■ **Exercise requirements**: Your output should be the exact lines from the start of the data through the line containing "샤넬 핑크 체크무늬 트위드 자켓", with no pictures.

Data excerpts

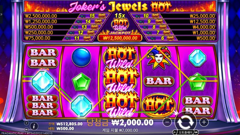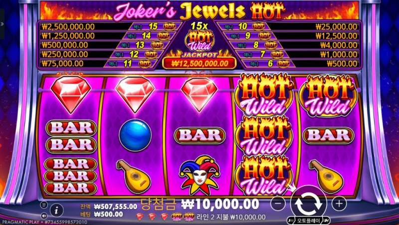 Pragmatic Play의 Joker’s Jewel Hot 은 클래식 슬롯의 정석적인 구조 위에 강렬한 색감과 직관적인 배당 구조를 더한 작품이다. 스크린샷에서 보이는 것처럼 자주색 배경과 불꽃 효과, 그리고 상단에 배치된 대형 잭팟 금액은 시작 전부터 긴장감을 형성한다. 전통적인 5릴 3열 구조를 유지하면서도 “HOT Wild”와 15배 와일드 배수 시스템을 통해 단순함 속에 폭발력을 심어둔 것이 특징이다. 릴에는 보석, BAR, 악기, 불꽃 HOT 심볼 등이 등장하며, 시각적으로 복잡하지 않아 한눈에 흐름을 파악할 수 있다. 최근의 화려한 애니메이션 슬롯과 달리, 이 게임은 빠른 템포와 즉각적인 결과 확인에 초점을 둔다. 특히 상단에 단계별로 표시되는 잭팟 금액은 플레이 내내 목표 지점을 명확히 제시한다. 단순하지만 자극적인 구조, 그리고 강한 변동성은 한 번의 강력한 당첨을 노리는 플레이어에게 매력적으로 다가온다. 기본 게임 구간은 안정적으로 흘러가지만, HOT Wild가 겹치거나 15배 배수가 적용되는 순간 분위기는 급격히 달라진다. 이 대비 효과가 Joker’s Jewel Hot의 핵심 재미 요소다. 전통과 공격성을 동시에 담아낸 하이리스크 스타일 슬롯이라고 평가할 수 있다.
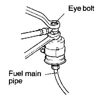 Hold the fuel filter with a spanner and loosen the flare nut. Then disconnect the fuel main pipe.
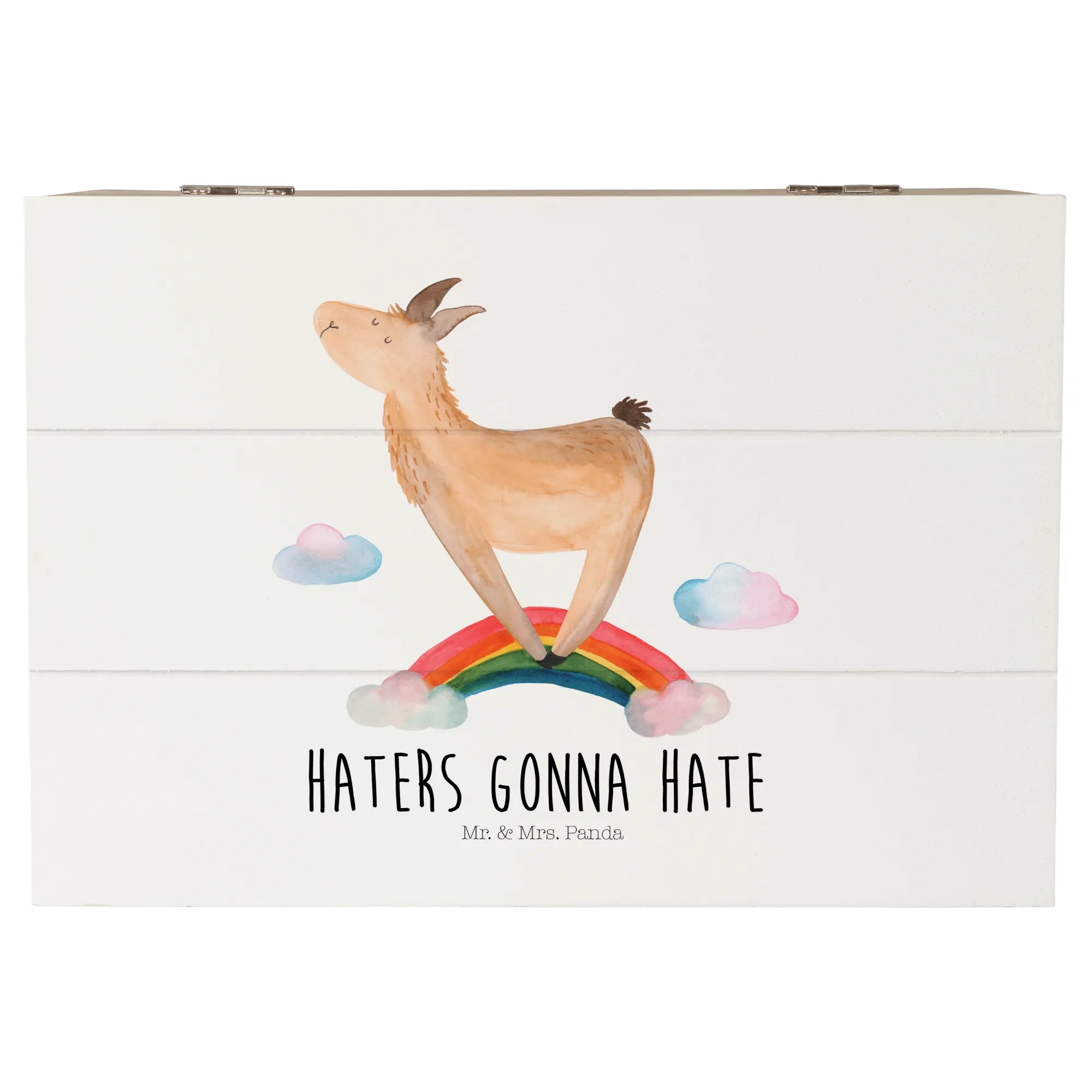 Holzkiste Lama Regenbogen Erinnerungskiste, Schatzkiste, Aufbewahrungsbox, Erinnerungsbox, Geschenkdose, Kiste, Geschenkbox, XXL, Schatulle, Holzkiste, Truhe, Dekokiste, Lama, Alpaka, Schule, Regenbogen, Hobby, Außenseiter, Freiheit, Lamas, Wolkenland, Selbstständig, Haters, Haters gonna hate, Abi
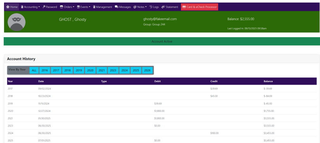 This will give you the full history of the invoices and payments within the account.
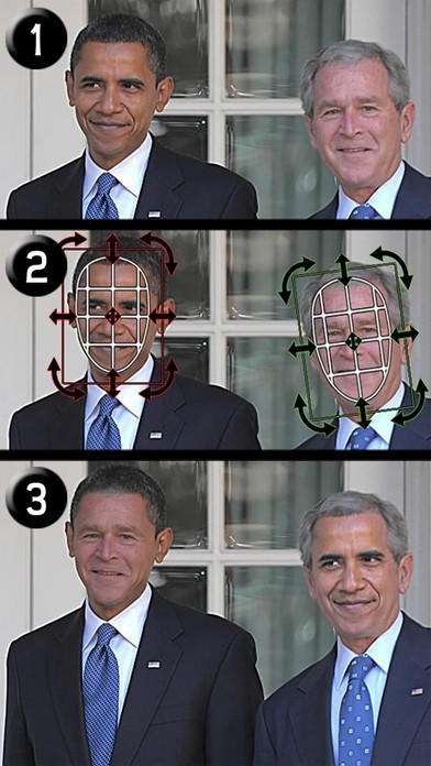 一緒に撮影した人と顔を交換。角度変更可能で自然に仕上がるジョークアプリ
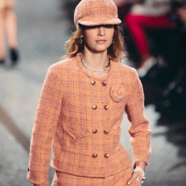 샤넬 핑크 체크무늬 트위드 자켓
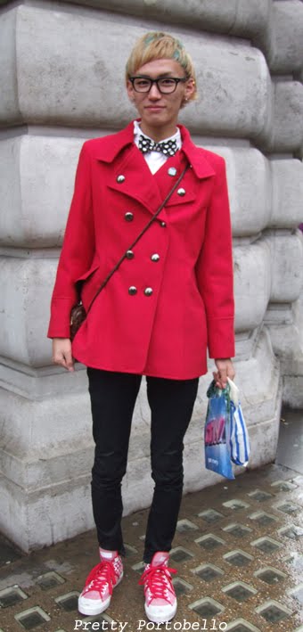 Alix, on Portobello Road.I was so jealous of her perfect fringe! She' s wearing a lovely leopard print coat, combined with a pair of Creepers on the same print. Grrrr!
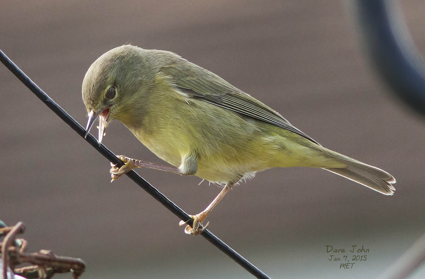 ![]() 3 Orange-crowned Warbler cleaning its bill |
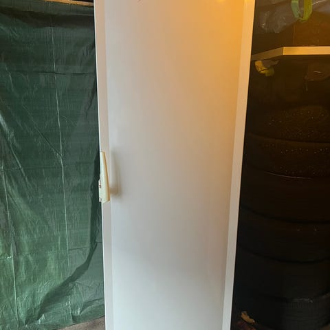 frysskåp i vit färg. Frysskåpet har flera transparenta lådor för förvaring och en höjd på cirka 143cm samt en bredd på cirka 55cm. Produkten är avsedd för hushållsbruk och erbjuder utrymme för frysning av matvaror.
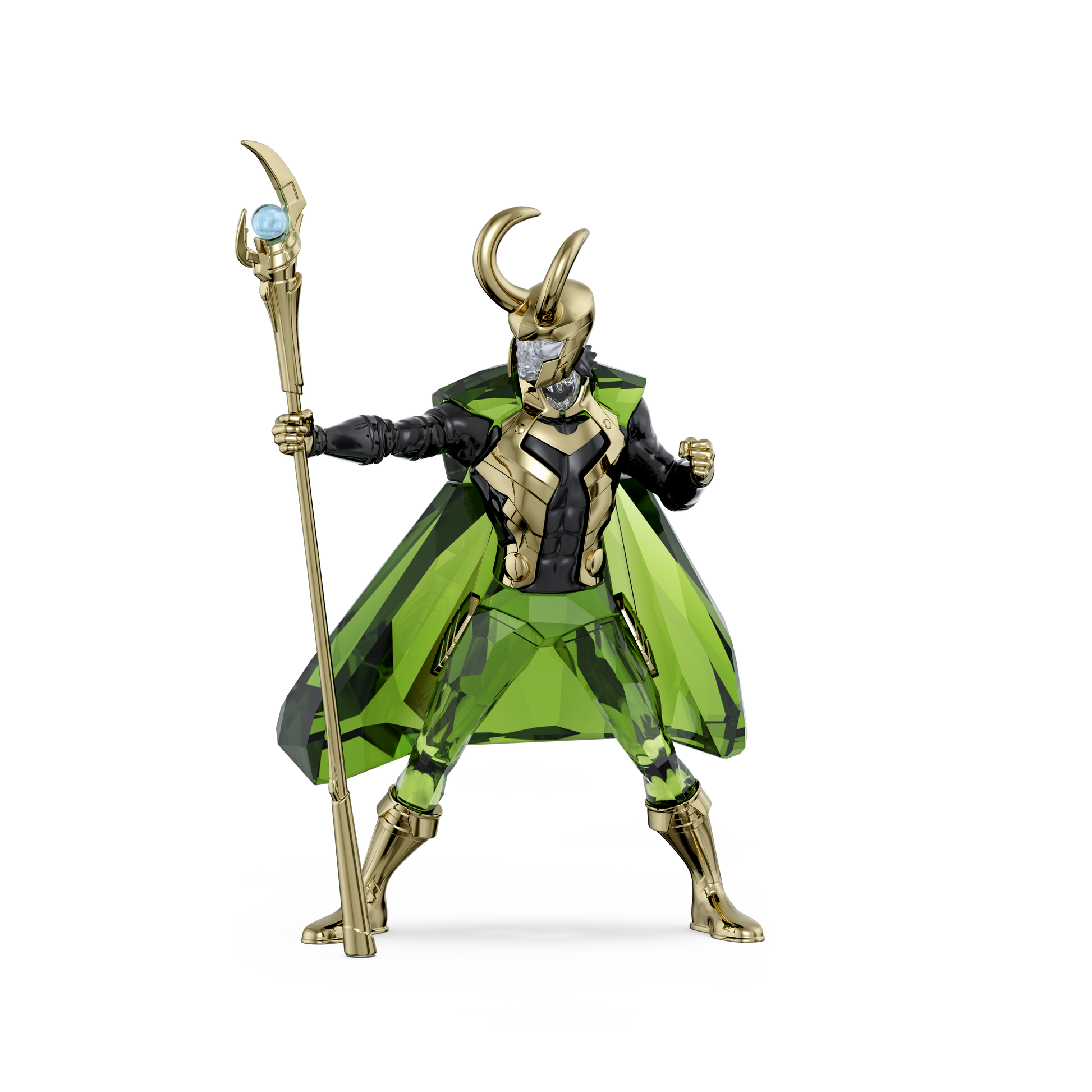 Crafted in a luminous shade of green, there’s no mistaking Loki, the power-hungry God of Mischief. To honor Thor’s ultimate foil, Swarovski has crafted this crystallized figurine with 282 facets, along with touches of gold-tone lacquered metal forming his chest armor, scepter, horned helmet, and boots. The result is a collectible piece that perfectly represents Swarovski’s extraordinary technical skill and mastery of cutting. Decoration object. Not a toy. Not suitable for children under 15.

■ **Result of the task**:
 Pragmatic Play의 Joker’s Jewel Hot 은 클래식 슬롯의 정석적인 구조 위에 강렬한 색감과 직관적인 배당 구조를 더한 작품이다. 스크린샷에서 보이는 것처럼 자주색 배경과 불꽃 효과, 그리고 상단에 배치된 대형 잭팟 금액은 시작 전부터 긴장감을 형성한다. 전통적인 5릴 3열 구조를 유지하면서도 “HOT Wild”와 15배 와일드 배수 시스템을 통해 단순함 속에 폭발력을 심어둔 것이 특징이다. 릴에는 보석, BAR, 악기, 불꽃 HOT 심볼 등이 등장하며, 시각적으로 복잡하지 않아 한눈에 흐름을 파악할 수 있다. 최근의 화려한 애니메이션 슬롯과 달리, 이 게임은 빠른 템포와 즉각적인 결과 확인에 초점을 둔다. 특히 상단에 단계별로 표시되는 잭팟 금액은 플레이 내내 목표 지점을 명확히 제시한다. 단순하지만 자극적인 구조, 그리고 강한 변동성은 한 번의 강력한 당첨을 노리는 플레이어에게 매력적으로 다가온다. 기본 게임 구간은 안정적으로 흘러가지만, HOT Wild가 겹치거나 15배 배수가 적용되는 순간 분위기는 급격히 달라진다. 이 대비 효과가 Joker’s Jewel Hot의 핵심 재미 요소다. 전통과 공격성을 동시에 담아낸 하이리스크 스타일 슬롯이라고 평가할 수 있다.
 Hold the fuel filter with a spanner and loosen the flare nut. Then disconnect the fuel main pipe.
 Holzkiste Lama Regenbogen Erinnerungskiste, Schatzkiste, Aufbewahrungsbox, Erinnerungsbox, Geschenkdose, Kiste, Geschenkbox, XXL, Schatulle, Holzkiste, Truhe, Dekokiste, Lama, Alpaka, Schule, Regenbogen, Hobby, Außenseiter, Freiheit, Lamas, Wolkenland, Selbstständig, Haters, Haters gonna hate, Abi
 This will give you the full history of the invoices and payments within the account.
 一緒に撮影した人と顔を交換。角度変更可能で自然に仕上がるジョークアプリ
 샤넬 핑크 체크무늬 트위드 자켓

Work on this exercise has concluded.